If you do not register your vehicles within 30 days of establishing Arkansas residency, you are driving unregistered vehicles. Arkansas law treats an unregistered vehicle as an uninsured vehicle for enforcement purposes, even if you carry valid out-of-state insurance. If you are stopped, the officer will cite you for operating an unregistered vehicle, and the citation carries a fine. More critically, your out-of-state plates expire on a schedule set by your prior state, and once they expire, you cannot renew them because you no longer live there.

The insurance consequence is worse. If your out-of-state carrier learns you have established residency in Arkansas and you have not notified them, they may retroactively cancel your policy effective the date you moved. That creates a coverage lapse. A lapse disqualifies you from registering your vehicles in Arkansas until you secure new coverage and pay any reinstatement fees the state assesses.

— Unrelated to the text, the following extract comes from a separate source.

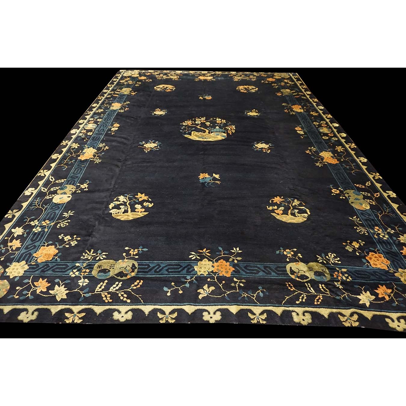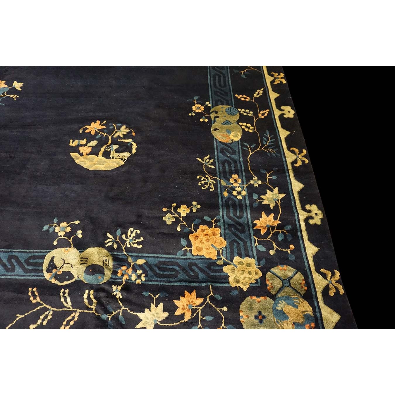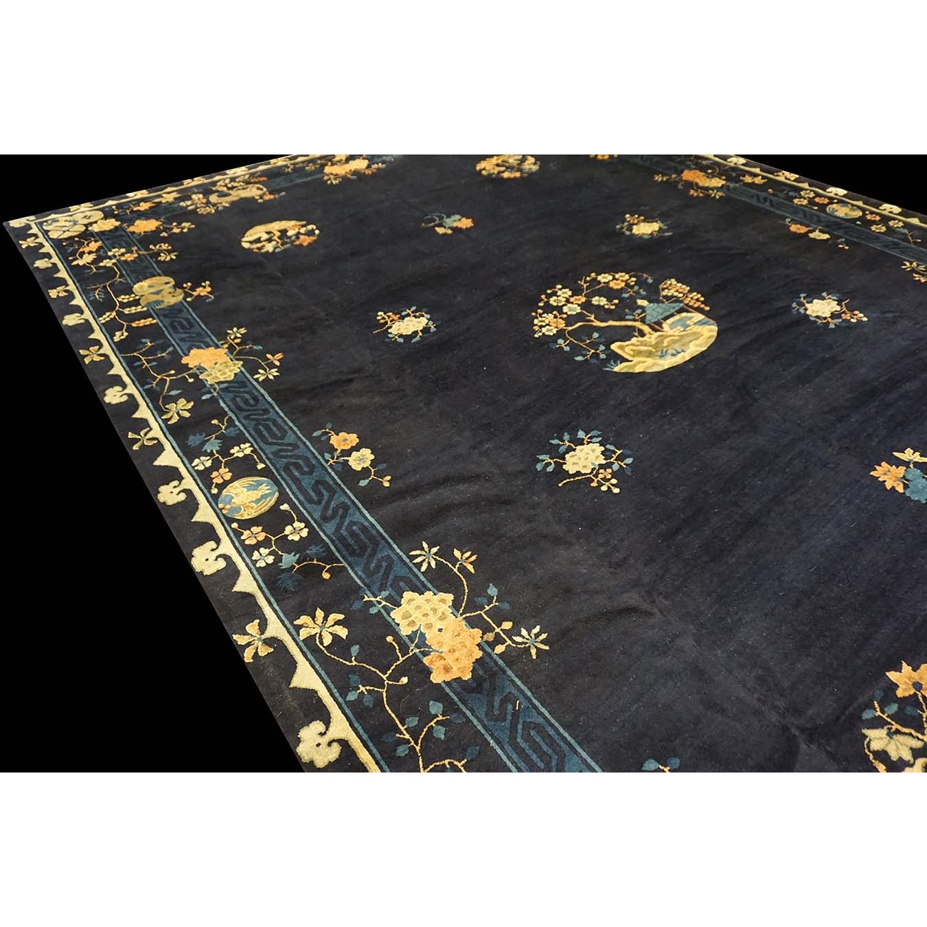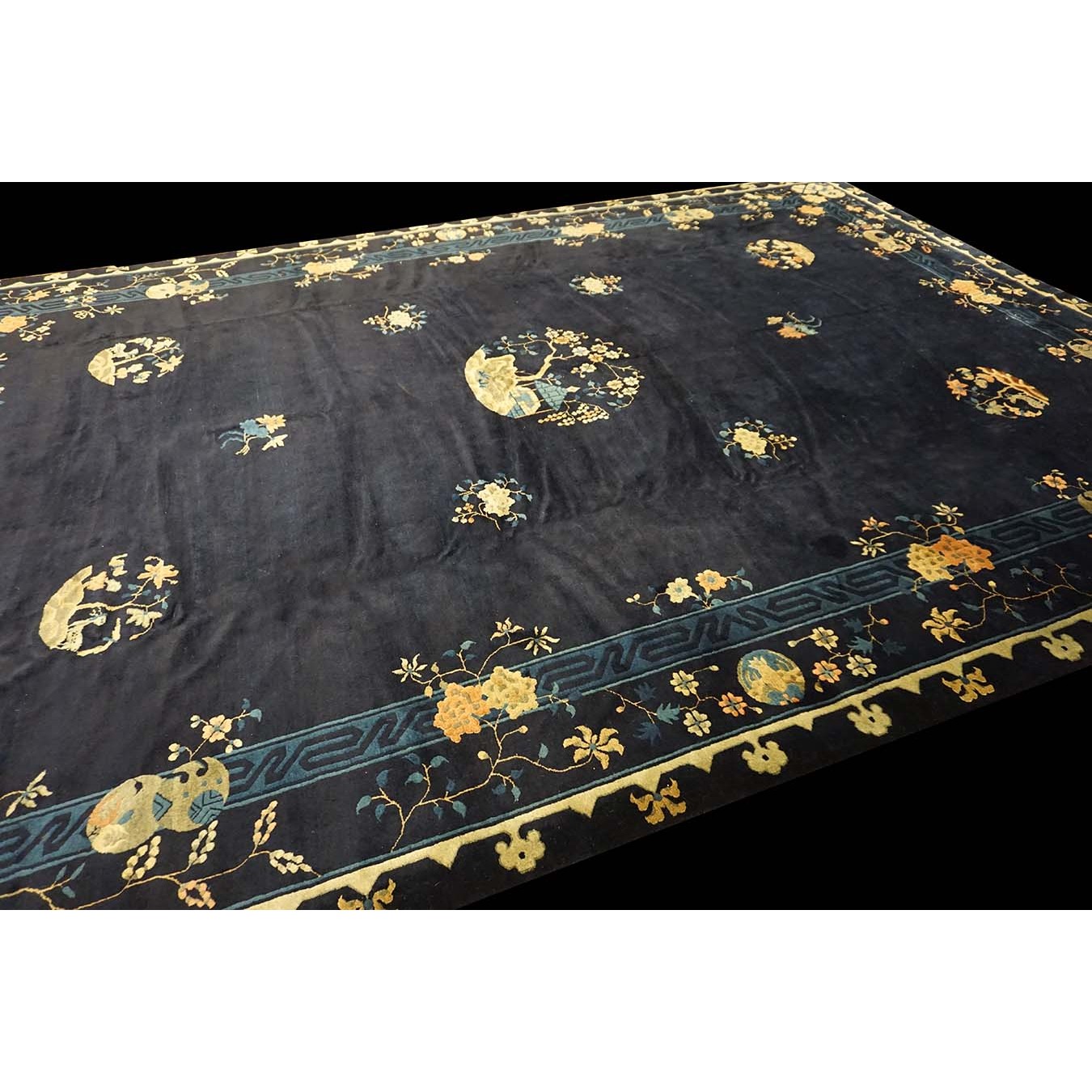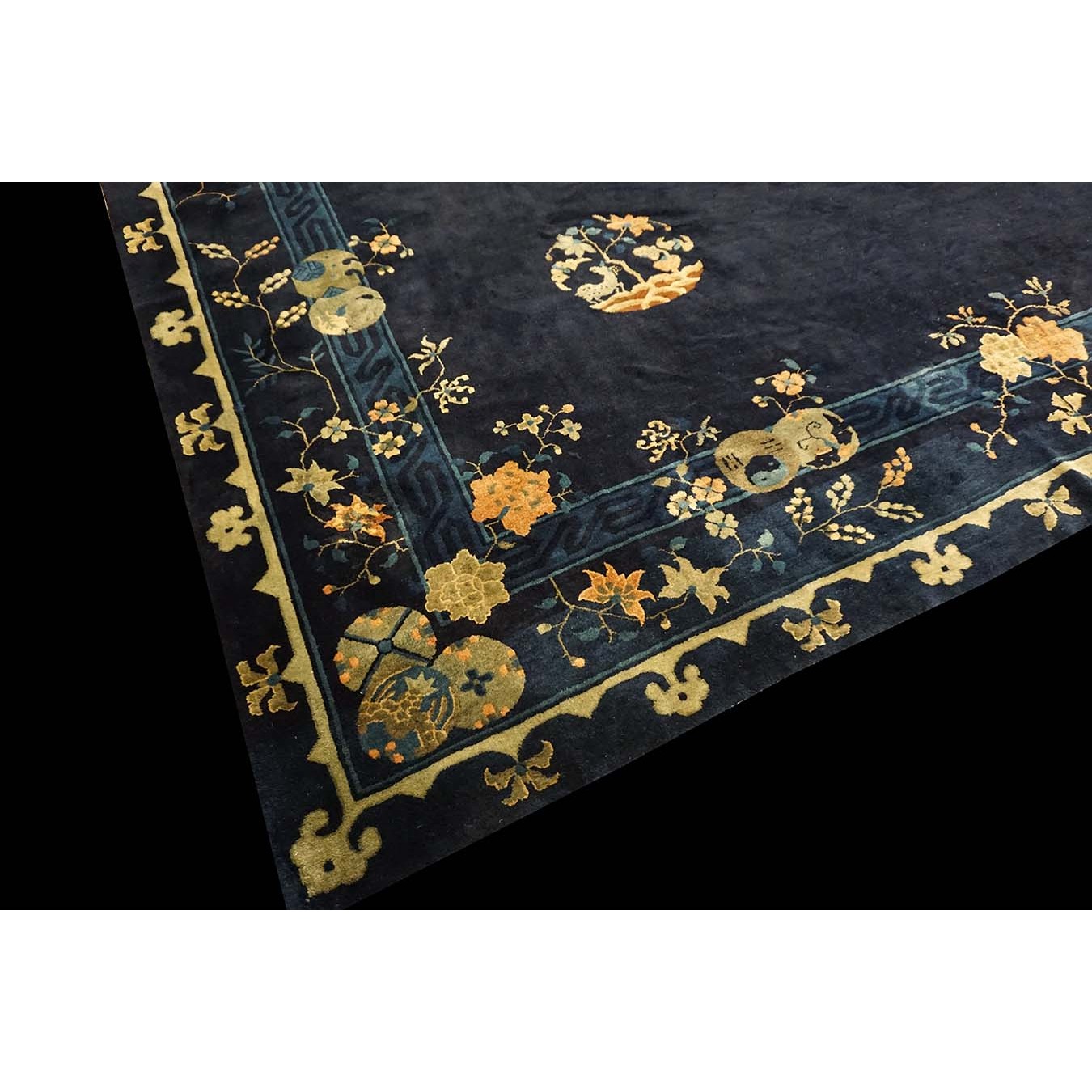DescriptionChineseCarpets made in China proper. See entries Ningshia, Peking, Art Deco. Chinese - PekingThe commercial Peking carpet is a later 19th century development, begun by importing weaves from Ningshia (see entry) to create and export industry aimed at Western markets. The foundation is cotton and the pile is a good quality carpet wool which takes dyes particularly well. The neat medium weave is in Persian (asymmetric) knots. Designs are strictly Chinese and the whole motif repertoire of Chinese art is employed. Blue and white is the most popular color combination and red is particularly rare. Sizes tend to 9 x 12 and larger, and few small pieces appear. For a short time in the early 1920s Persian designs were woven to capitalize on the death of new Iranian goods. The industry decimated by the Communist Revolution relocated to the Pearl River area. There is a good supply of antique carpets at reasonable prices. | |

Compare Arkansas Carriers Before You Commit

Arkansas has 24 carriers writing auto insurance in the state. Not all of them offer competitive rates for households insuring two vehicles, and not all of them write policies for drivers moving in from out of state without an Arkansas driving record on file. When you shop, request quotes from at least three carriers and compare the total premium for both vehicles combined, not the per-vehicle rate. A carrier that quotes a lower rate for one vehicle may quote a higher rate for the second, and the combined total is what matters.

Ask each carrier how they handle the transition from out-of-state coverage. Some carriers will bind coverage immediately and backdate the effective date to match your move-in date, eliminating any gap. Others require a future effective date, which creates a coverage lapse if your out-of-state carrier has already canceled your policy. Confirm the effective date in writing before you bind. If you are moving from a state with higher liability limits than Arkansas requires, ask whether the carrier will match your prior limits or whether you need to request higher limits separately. Dropping from higher limits to Arkansas minimums may save money in the short term, but it leaves you underinsured if you cause a serious accident involving two vehicles.

Take Action Within the First Week

Contact your current carrier the week you move. Confirm they write Arkansas policies, request the transfer, and ask for proof-of-insurance documents showing your Arkansas address and state-minimum coverage. If they do not write here, start shopping immediately. Request quotes from Arkansas carriers that write multi-vehicle policies, bind coverage on both cars before the 30-day registration deadline, and schedule your revenue office appointments as soon as you have proof of insurance in hand. The earlier you act, the more time you have to resolve carrier issues, address documentation gaps, and avoid the reinstatement fees that follow a lapse.